Vinay Kumar Dadhwal (born 9 April 1957) is an Indian scientist and academic who primarily works in the field of remote sensing. He is known for his contribution to the development of remote sensing applications in agriculture, including crop forecasting and irrigation management. He served as the Director of Indian Institute of Space Science and Technology, Thiruvananthapuram. Dadhwal also served as the Director, National Remote Sensing Centre (NRSC), Hyderabad and the Dean, Indian Institute of Remote Sensing, a unit under Department of Space.

==Education and career==
V. K. Dadhwal received a B.Sc. degree in botany from Hansraj College, New Delhi and master's degree from Indian Agricultural Research Institute, New Delhi in year 1978. He received his Ph.D. in plant physiology from Indian Agricultural Research Institute in 1983.

After the completion of his Ph.D., Dadhwal joined the Space Applications Centre (ISRO), Ahmedabad in year 1983 where he served as the Head, Crop Inventory and Modeling Division during 1998-2004. From 2004 to 2010 he served as the Dean at Indian Institute of Remote Sensing, Dehradun.
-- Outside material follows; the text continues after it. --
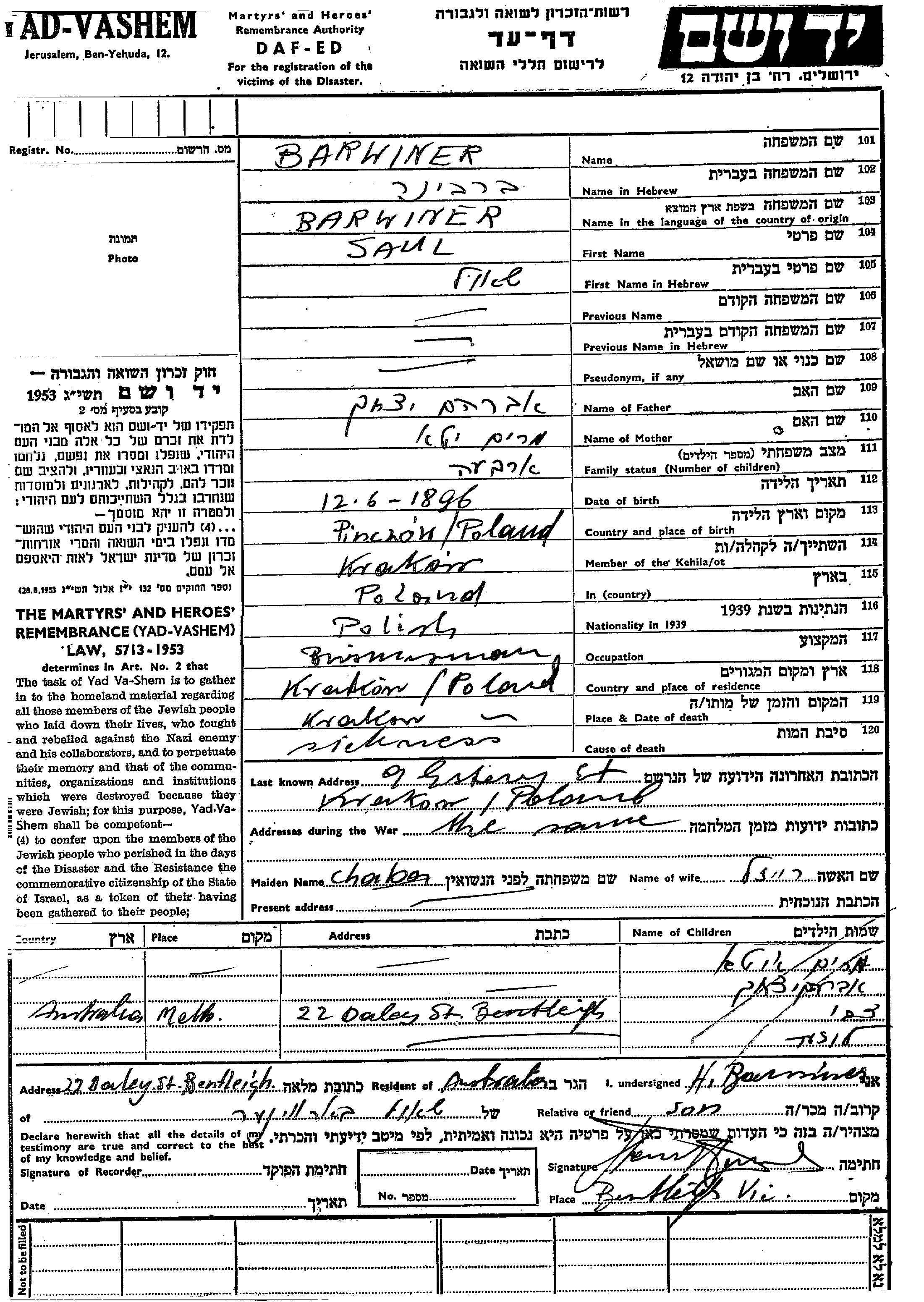 Saul Barviner wurde im Jahr 1896 in Pinczow, Polen geboren. Er war Kaufmann/-frau. Vor dem Zweiten Weltkrieg lebte er in Krakow, Polen.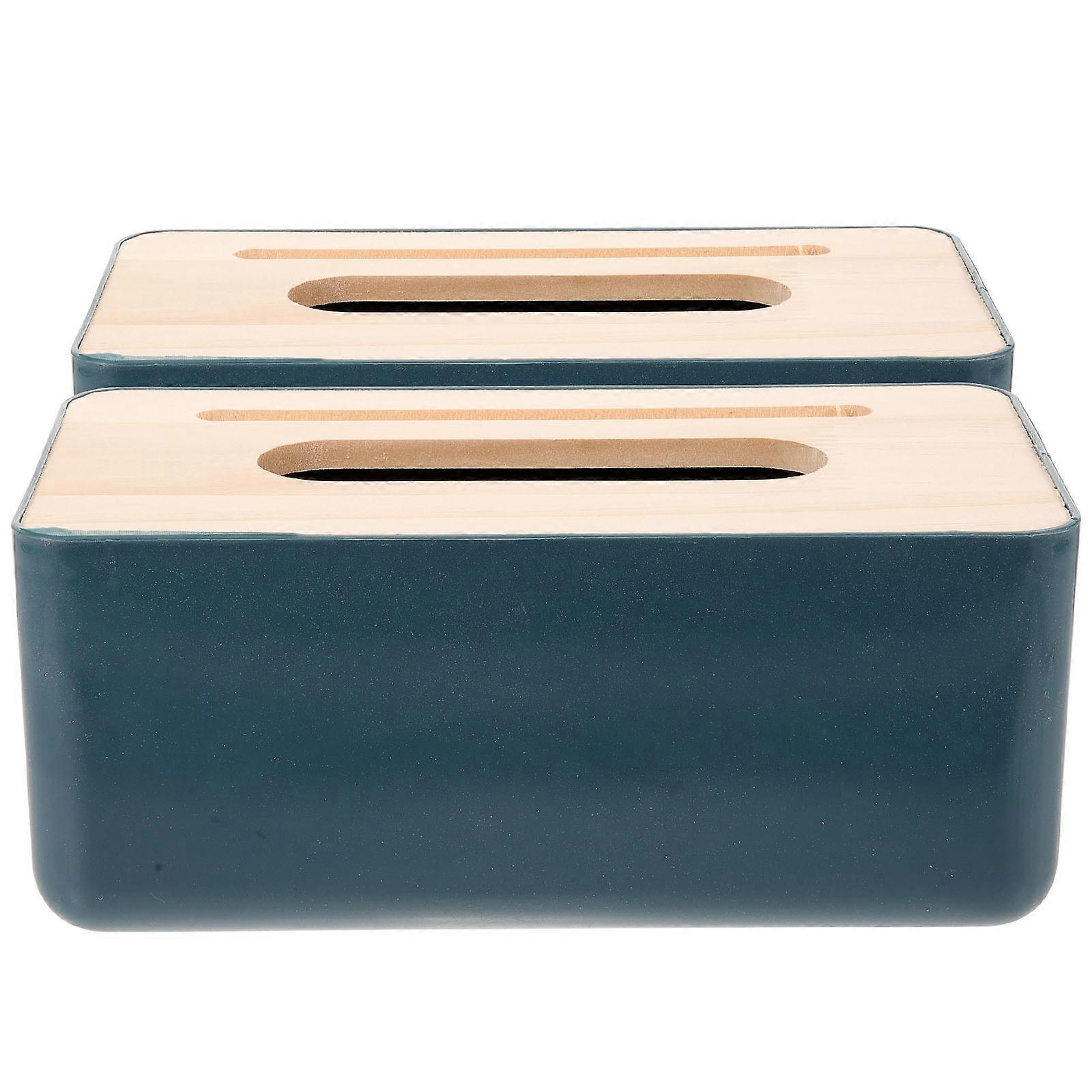 2pcs Tissue Storage Box in Dark Blue Plastic for Home Use Simple and 7x4.5x3.5 inches

In 2010, Dadwal joined National Remote Sensing Centre (NRSC), Hyderabad as the Associate Director and went on to become the Director, a position he held till 2016. He served as the Director of Indian Institute of Space Science and Technology, Thiruvananthapuram between the period 2016-2021.

==Awards and honors==
Dadhwal is a science panel member of Terrestrial Carbon Observation (TCO) of Food and Agriculture Organization, Rome. He is a recipient of several awards, including Indian National Remote Sensing Award (1999), Dr. Vikram Sarabhai Award (1999), ISRO-Astronautical Society of India Award (2005), and ISRO Merit Award (2006).